How to complete this task
Word for word, reproduce each line of the data below, omitting every image.

Dataset excerpt
"""
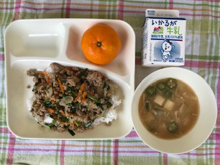 「豚ミンチとニラのそぼろ丼」「オクラのみそ汁」「冷凍みかん」「牛乳」です。
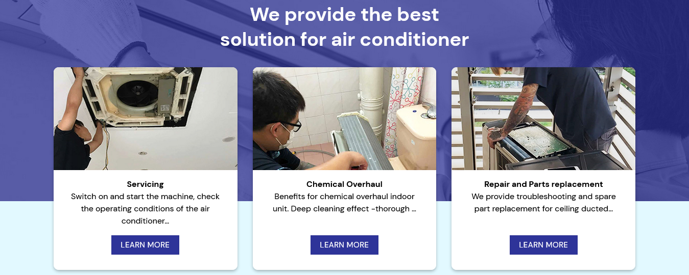 CC Air-Con is a team of certified professionals who can provide all your business cooling needs: from small offices to complex large-scale projects. Our experts are on time, professional, and trustworthy teams made up of professionals with years of experience. Since our foundation in 2016, our company has helped countless consumers with home cleaning, system repair and installation problems. Our standard servicing includes: Inspecting, cleaning, and replacing aircon parts; testing and deodorising of filters; checking and lubricating of motor bearings; and much more.
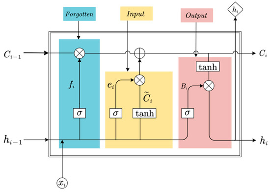 LSTM is a special type of recurrent neural network (RNN) that performs very well with long sequences of data, mainly solving gradient disappearance, gradient explosion, and overfitting problems when training long sequences [40,41,42,43]. RNN is an artificial neural network that operates on time-series data and can use back-propagation algorithms to learn and adapt to the relationship between inputs and outputs. In contrast to standard RNN, LSTM has an input gate, a forgetting gate, and an output gate that control the way information flows through the network. These gates of the LSTM allow it to store past information and update the current state appropriately, thus providing a significant advantage when dealing with long sequences of data. The basic structure is shown in Figure 1 [44,45].
"""
Answer to the exercise
 「豚ミンチとニラのそぼろ丼」「オクラのみそ汁」「冷凍みかん」「牛乳」です。
 CC Air-Con is a team of certified professionals who can provide all your business cooling needs: from small offices to complex large-scale projects. Our experts are on time, professional, and trustworthy teams made up of professionals with years of experience. Since our foundation in 2016, our company has helped countless consumers with home cleaning, system repair and installation problems. Our standard servicing includes: Inspecting, cleaning, and replacing aircon parts; testing and deodorising of filters; checking and lubricating of motor bearings; and much more.
 LSTM is a special type of recurrent neural network (RNN) that performs very well with long sequences of data, mainly solving gradient disappearance, gradient explosion, and overfitting problems when training long sequences [40,41,42,43]. RNN is an artificial neural network that operates on time-series data and can use back-propagation algorithms to learn and adapt to the relationship between inputs and outputs. In contrast to standard RNN, LSTM has an input gate, a forgetting gate, and an output gate that control the way information flows through the network. These gates of the LSTM allow it to store past information and update the current state appropriately, thus providing a significant advantage when dealing with long sequences of data. The basic structure is shown in Figure 1 [44,45].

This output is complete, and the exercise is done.